The squares of a 2×60 chessboard are coloured black and white in the standard alternating pattern. At random, exactly half of the black squares are removed from the board. The expected number of white squares that have no neighbours after this process can be expressed as a/b where a and b are coprime positive integers. What is the value of a+b?
Details and assumptions:
>Note: The black squares are not removed with probability 12. Rather, it is given that exactly 30 black squares are removed.
>A square is a neighbour if it is located directly to the left, right, top or bottom of the initial square. Squares that are connected by exactly 1 vertex are not neighbors. I've started doing this, let's see who will come first. A Challenge !!!
To solve this problem, we need to calculate the expected number of white squares that have no neighboring black squares after exactly half of the black squares are removed from the chessboard.
First, let's determine the number of white squares on the original chessboard. Given a 2×60 chessboard with alternating black and white squares, there are a total of (2×60)/2 = 60 white squares.
Next, let's consider the number of white squares that have no neighboring black squares. On a standard alternating chessboard, each white square has four potential neighbors: two on the left and right, and two on the top and bottom. However, some of these potential neighbors may be black squares.
To count the number of white squares that have no black neighbors, we need to consider the pattern of the chessboard. Since the chessboard is 2×60, there are 30 rows of white squares.

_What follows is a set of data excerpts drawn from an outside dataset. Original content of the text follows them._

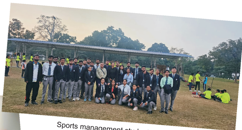
Sports management students at the Jamshedpur Archery Academy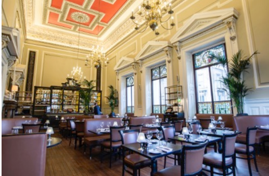
Grand Brasserie Restaurant at Hutchesons

Hutchesons features one of the most exquisite double-height ceiling rooms in Glasgow that's located on the second floor, and can be accessed via the lift or our original stairs which have a wooden bannister.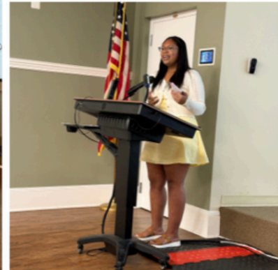
Above: Collage of images from the MOSAIC Annual Breakfast on June 4, 2026, including a group of people on a stage, a projection screen with the MOSAIC logo, a speaker presenting to an audience, and a person speaking at a podium.

In each row, the first and last squares have three potential neighbors, while the remaining squares have four potential neighbors. This is because the first and last squares have only one neighbor on the side facing the black squares. In the remaining rows, all white squares have four potential neighbors.

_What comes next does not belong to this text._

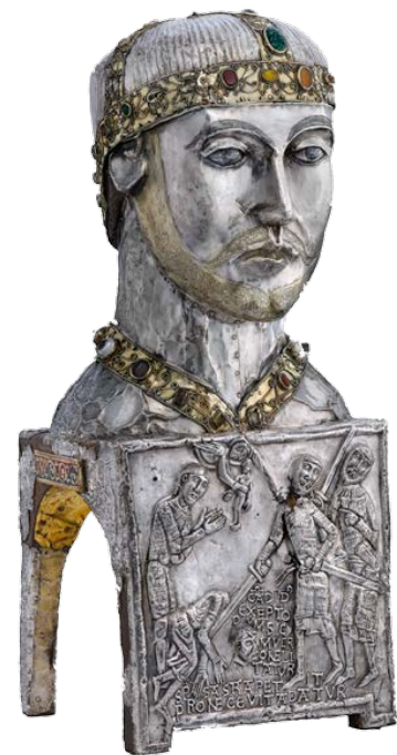
Reliquary bust of Saint Candidus, about 1165. Treasure of the Abbey of Saint-Maurice.

To calculate the number of white squares that have no neighboring black squares, we have:
- 2 white squares in the first row with 3 potential neighbors each,
- 58 white squares in the remaining rows with 4 potential neighbors each.
Thus, the total number of white squares with no neighboring black squares is given by:
2 × 3 + 58 × 4 = 2 + 232 = 234.
Now, since exactly half of the black squares are removed from the board, we have removed 30 black squares. This means that there are now 30 black squares remaining on the chessboard.
To calculate the expected number of white squares that have no neighboring black squares, we need to consider the probability that each black square is removed. Since there are 30 black squares remaining and 60 white squares in total, the probability of removing any individual black square is given by:
Probability of removing a black square = 30 black squares / 60 white squares = 1/2.
Now, we can calculate the expected number of white squares that have no neighboring black squares as follows:
Expected number = Probability of removing a black square × Number of white squares with no black neighbors
= (1/2) × 234
= 117/2.
The expected number of white squares with no neighboring black squares is 117/2. Therefore, the value of a + b is 117 + 2 = 119.